From time to time, they try to introduce them into Land Between the Lakes on the Tennessee
Inn.
They've got a trapper up there.
Try to introduce them.
Yeah.
Yeah.
They've turned some loose up there.
Had some sightings.
I didn't know where a few hog traps were.
But not state sanctioned.
Not state sanctioned.
Oh, I see.
No, just illegal.
Joe Blow sanctioned.
Yes, Joe Blow was trying to get them up there.
Yeah.
But that's something we do not need anywhere in the U.S.
When my parents, I can't remember if it was right when they were married or when they were dating,
my dad took my mom wild pig hunting and my mom got chased up a tree by a pig.
My dad was out of arrows.
I think somehow my mom had an arrow and threw it to him.
I can't remember.
It's one of those stories I should have gotten more detail on.
Giannis, you've been awful quiet.
What's up?
Nothing.
Just nothing.
Just enjoying the stories.
Just your little brain.
Nothing.
Little brain.
Wow.
That was awful.
Anything, nothing you're thinking about?
Yeah, the pigs.
I'm surprised how many people don't get like when we uh we post
something about pigs and everybody's like i can't believe it there are problems but you can't hunt
them that makes no sense i just want to like clarify how that works right it's like they're
they're banning it so that no one has the incentive to bring any in or have hunts.

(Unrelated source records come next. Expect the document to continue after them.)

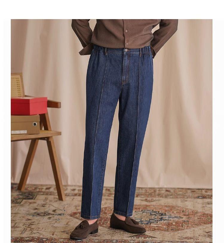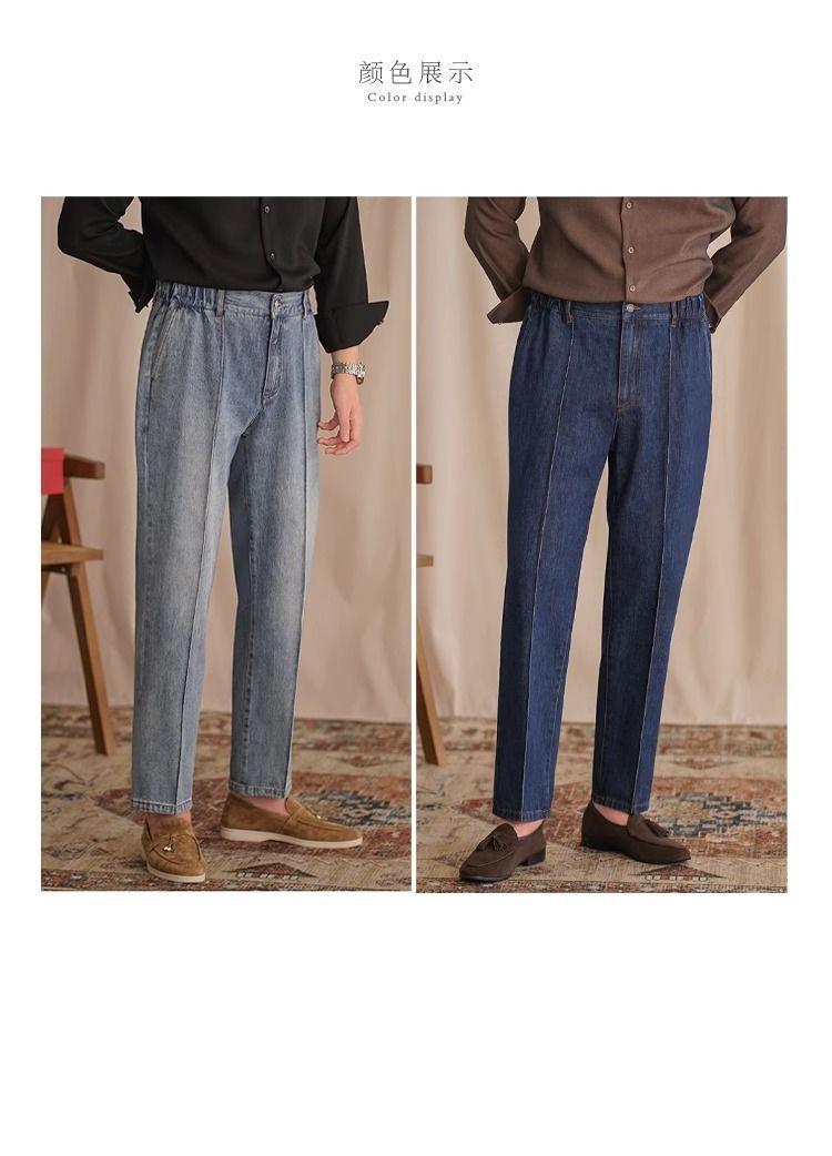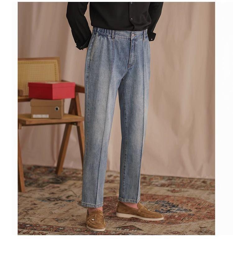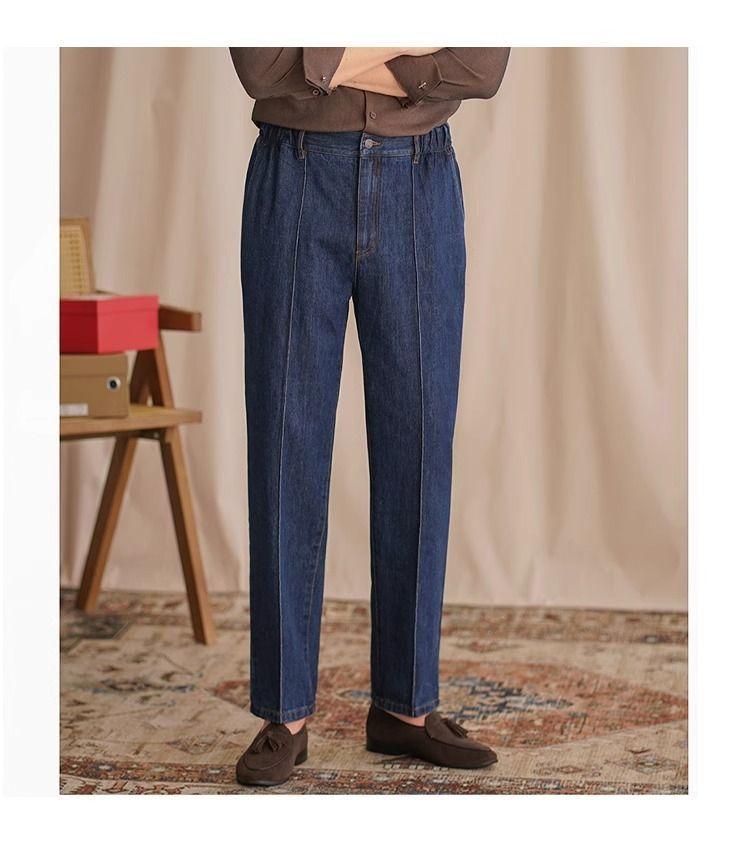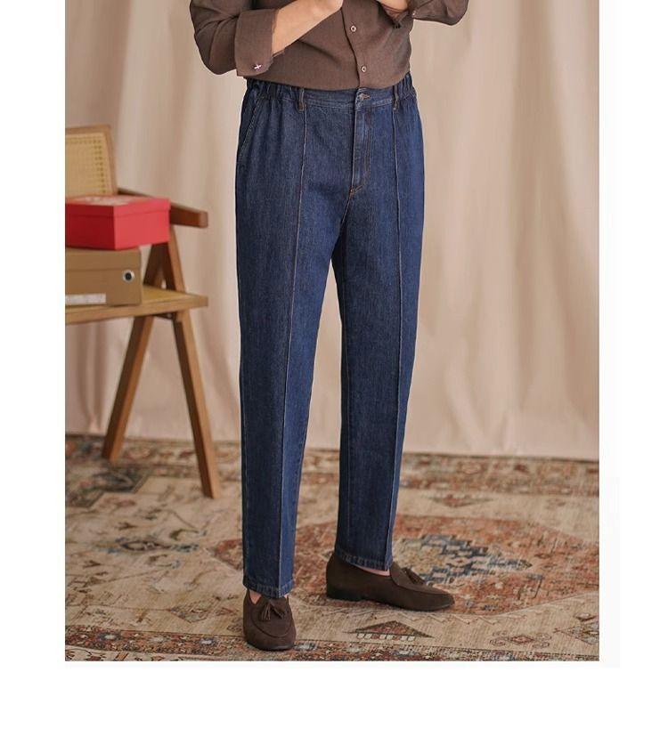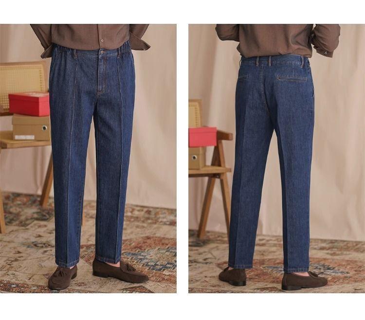 Jeans retro de algodón puro para hombre, moda, rectos, versátiles, de calidad, pantalones casuales, británicos, de negocios, con cintura elástica, modernos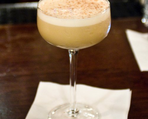 Since this cocktail is intended with the first course, I love pairing it with coriander dusted seared Ahi tuna with corn custard and jalapeno jam. The fatty richness of the tuna and the corn custard pair well with Oloroso Sherry, and the jalapeno jam accentuates the spice in the sherry. The bitter notes from Luxardo Bitter and the Rhubarb bitters help digest the dish and stimulate your appetite for something more.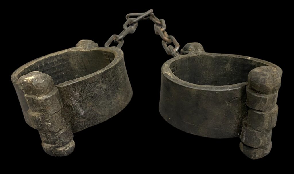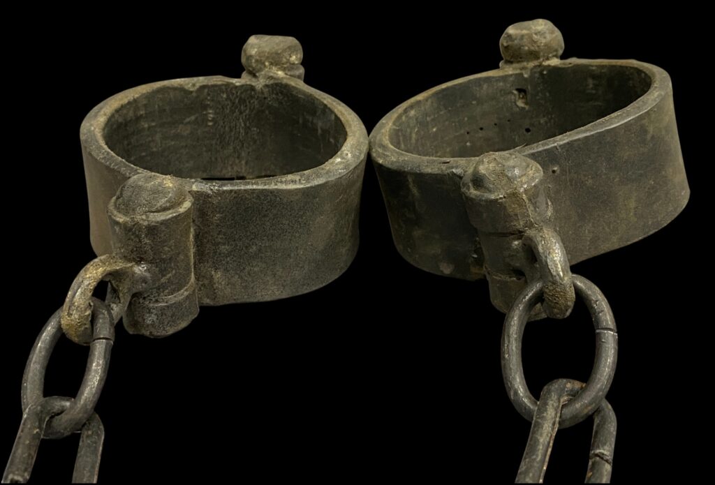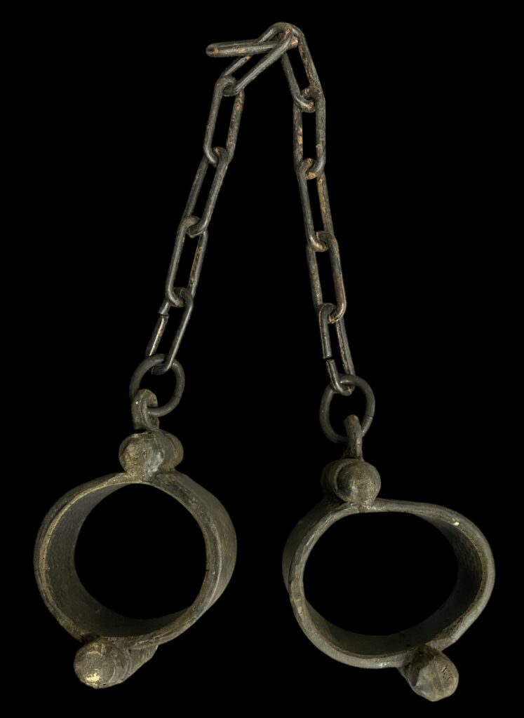 Handcuffs with chain - plastic/d= 9.5 cm: In good condition with patina. Chain length 50 cm.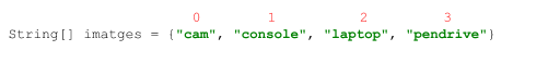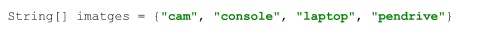 String[] imatges = {"cam", "console", "laptop", "pendrive", "cpu", "hdd", "printer", "sdcard"}; String[] noms = {"Càmeres", "Consoles", "Portàtils", "Pendrives", "CPUS", "Discs durs", "Impressores", "Tarjes SD"}; int[] ofertes = {10, 15, 30, 5, 20, 25, 35, 50};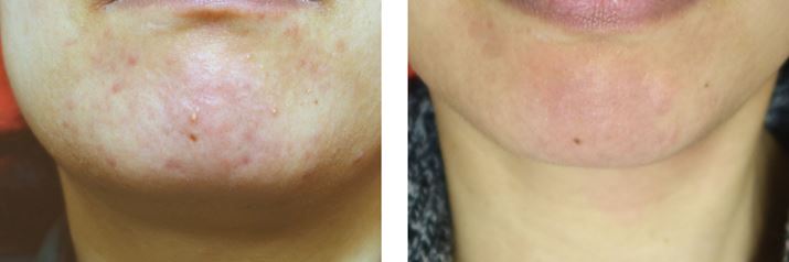 「大人ニキビ」が出やすいといわれるアゴ。使用開始時点(左)は吹き出物がひどく、痛みを感じるほど。ピュア水素水スチーマーを使用して約1か月経過後(右)、まだ肌荒れはあるものの、大きな吹き出物は姿を消しました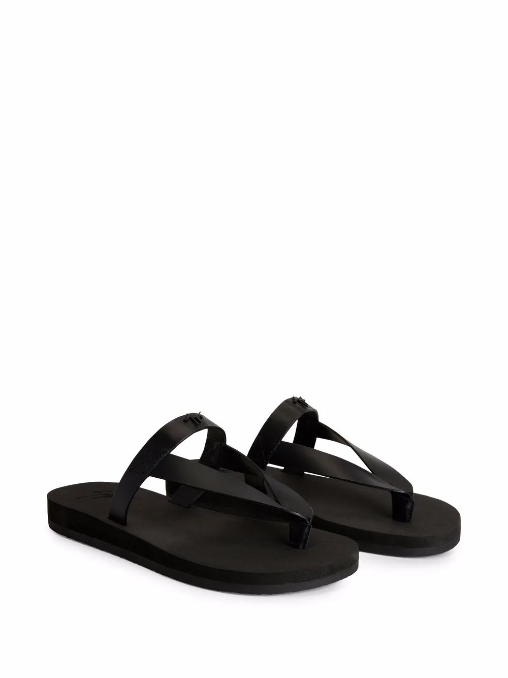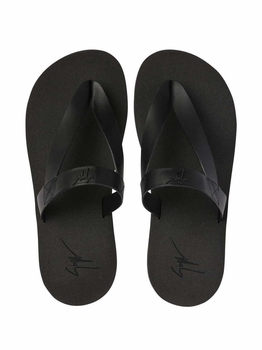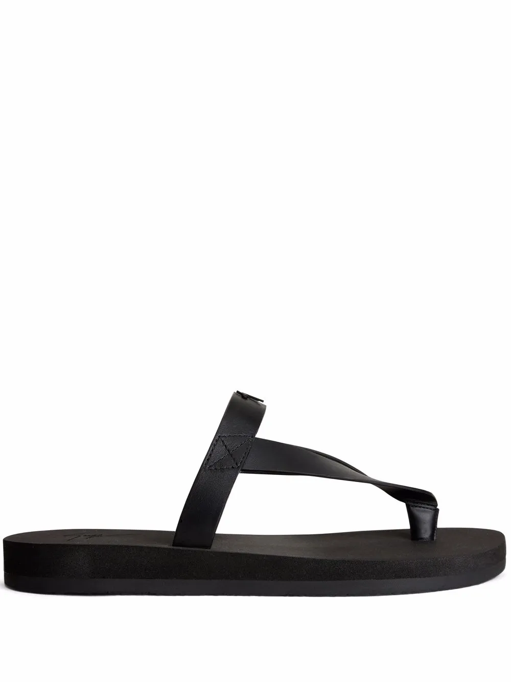 Black leather Hydra thong-strap leather sandals from Giuseppe Zanotti featuring logo patch to the front, thong strap, cut-out detailing, slip-on style and flat rubber sole.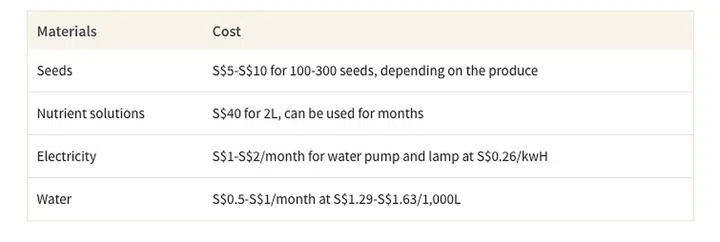 Once you have a working hydroponic kit, it's very affordable to operate and grow your own produce at the comfort of your home. The ongoing costs of running your own farm should be about $5 or less per month, which accounts for seeds, nutrients, electricity and water for the 30-45 days it requires to grow most vegetables.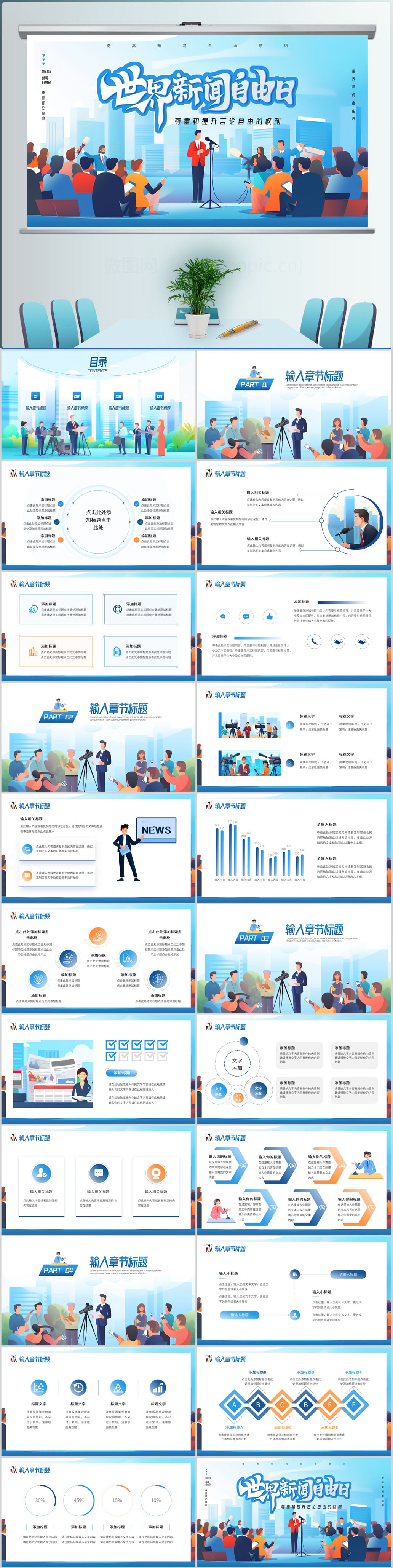 蓝色卡通尊重和提升言论自由的权利世界新闻自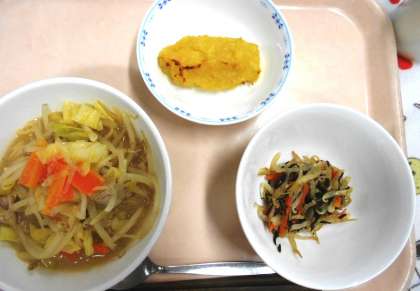 今日の給食は、<みそラーメン>です。みそラーメンは、砧小の給食の中でも人気のあるメニューのひとつです。かくし味に練りごまを使っています。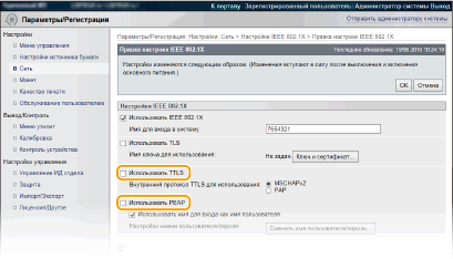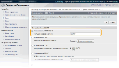 Установите флажок [Использовать IEEE 802.1X], введите имя для входа в систему в поле [Имя для входа в систему] и задайте необходимые параметры.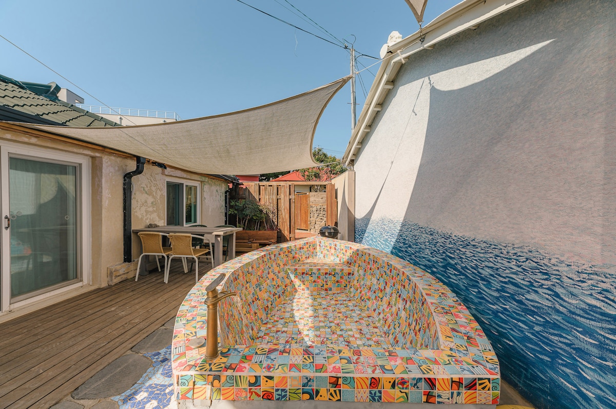 贝壳型按摩浴缸/沙滩/私人赞助/温馨花园/距离合宰海滩步行3分钟/济州古玉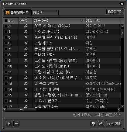 일반적으로 많이사용하는 모회사의 플레이리스트 켑춰입니다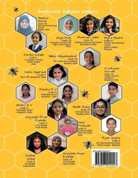Honeycomb Radiance - Short Stories for the Children, by the Children The Sixth Book in the Honeycomb Series Get enchanted as you read amazing and awe inspiring stories by young authors. Honeycomb Radiance is a vibrant collection of short stories written by children, for children. As the sixth book in the Honeycomb Series, this edition goes beyond storytelling to raise awareness about pressing global issues. From wildlife conservation and pollution to hunger, the quest for peace, from going on an adventure into space to deep in the blue ocean and into the crust layers of earth. These young authors use their creativity to spark meaningful conversations. Under the mentorship of Dr. Vajeda Kardar, these stories not only entertain but also inspire readers to think, reflect, and take action. A must-read for every young mind eager to explore stories that blend imagination with real-world concerns. Authors: Ryan Gupta, Inaya Khan, Muskaan Jalan, Pradynesh Gorade, Shrika KV, Myra Khare, Neha Vidyashankar, Saivi Prakash, Sayyada Ifrah Rushda, Naitik Ramji, Sanvi Agarwal, Feriha Soheb, Sayyada Inaya Rushda, Ridvika KV, Sofia Zahid, Abeera Khirad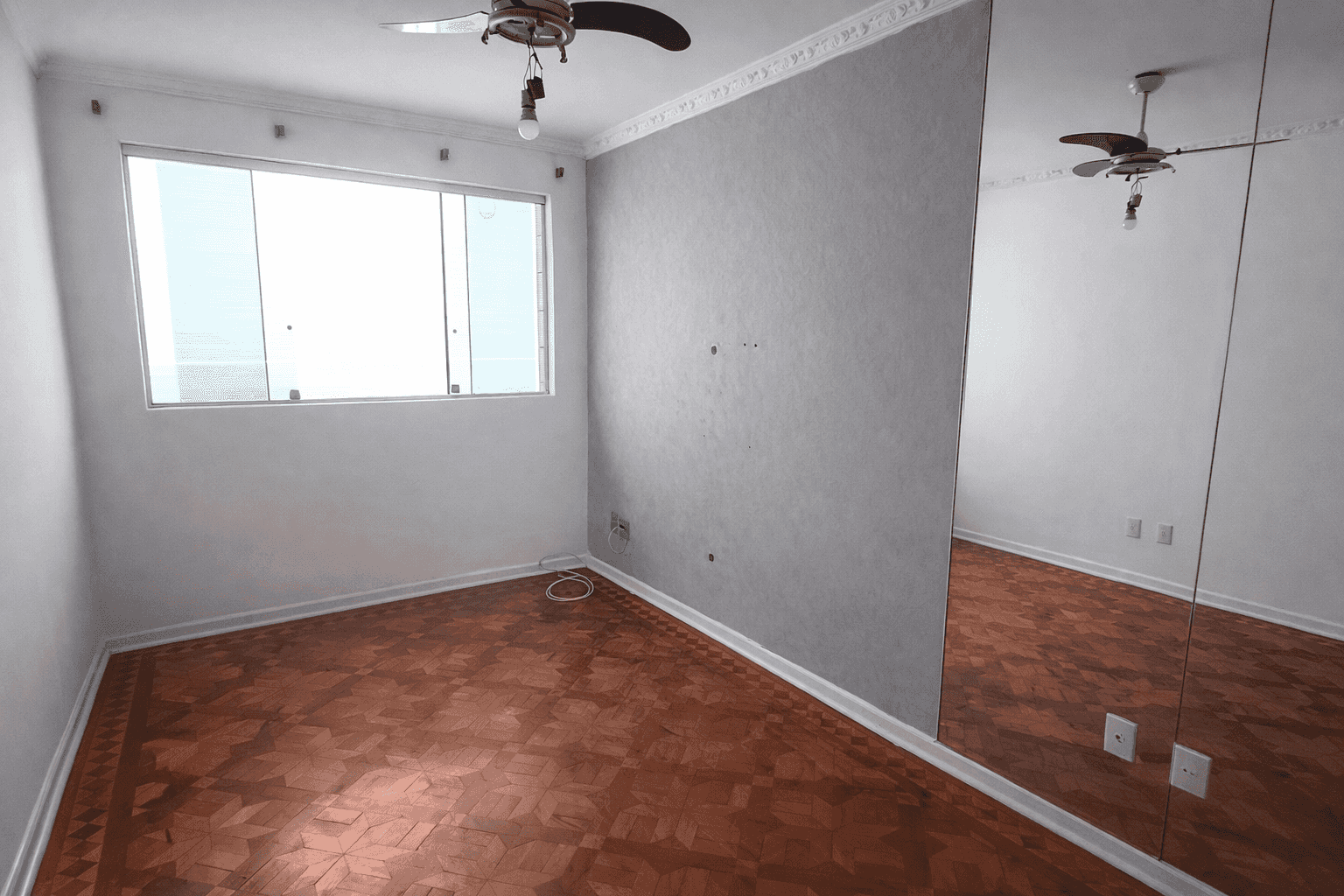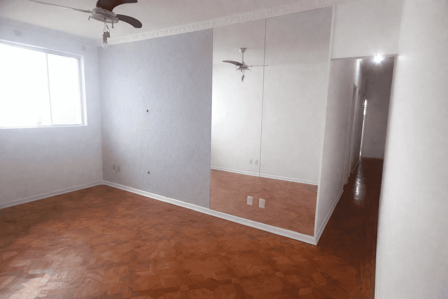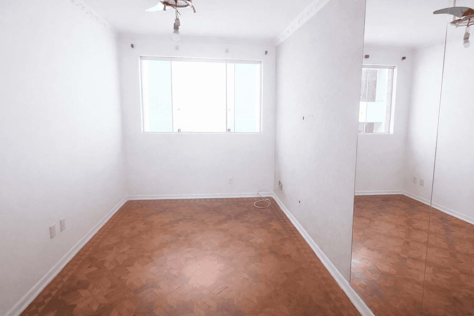O grande espelho amplia o espaço e traz uma atmosfera elegante e acolhedora.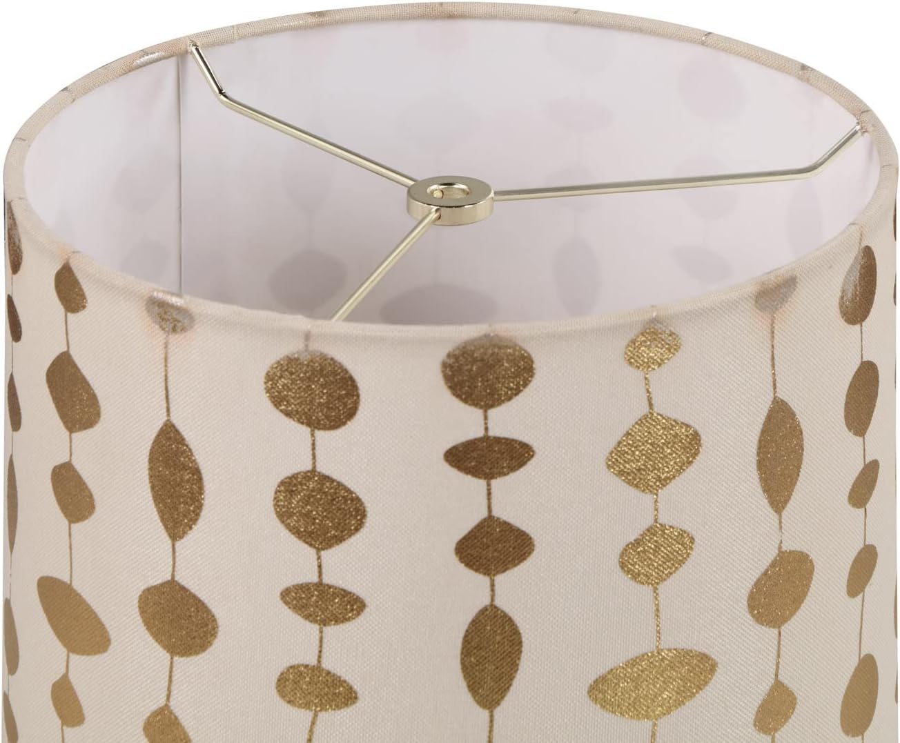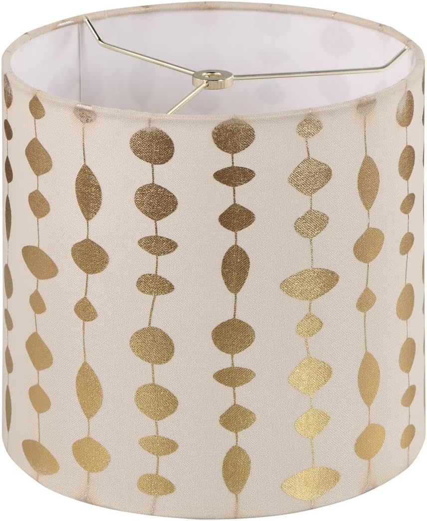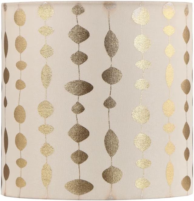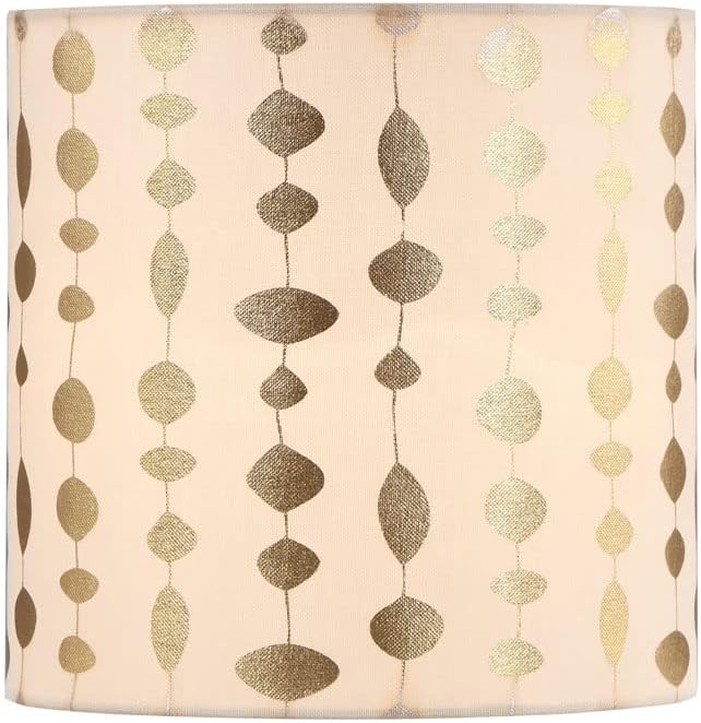 Aspen Creative offers a 1 pack transitional design drum (cylinder) replacement lamp shade in beige. Made with faux linen fabric and gold circle print. The lamp shade size is 10 inch top x 10 inch bottom x 10 inch height. This lamp shade is a spider construction – designed to attach to lamp harp. Applications – For table lamps, accent lamps, vintage lamps, candle stick lamps and kid’s room lamps. Our hardback shades use Virgin Styrene backing board to produce a warm, natural & smooth light – more appealing than shades made with recycled Styrene board that can crack & yellow over time.

You can never outfit it or guide it legally.
I don't know.
How else can we clarify that?
It should be pretty easy to understand why they're just saying,
you just can't hunt them at all.
A lot of fisheries would be in better shape if someone had a long time ago
said it is illegal to fish for northern pike because that would have prevented a lot of guys
from saying like man i should bring a couple of these pike home and let them go on my lake
these are great right yeah it's just the it's just how pigs are going to get around and i like
see i'm on the side where i like to hunt wild pigs but i do understand the problem and i do not want to i don't i don't like to entertain
thoughts of what it would look like if we were to lose our biodiversity and so many of our ground
nesting game birds and ducks and all the other shit you're gonna that gets severely damaged and
knocked back when pigs come in but where this stuff gets interesting is in hawaii you have like no no humans lived in hawaii till around 11 1200 years ago no people
had found it the first people that found it were seafaring polynesians and they brought with them
dogs and pigs and and many many species of edible plants and got all this stuff established in
Hawaii. So now we have like native Hawaiians, right? And native Hawaiians are an indigenous
group and they have sets of rights and claims to some of the land and claims to certain practices.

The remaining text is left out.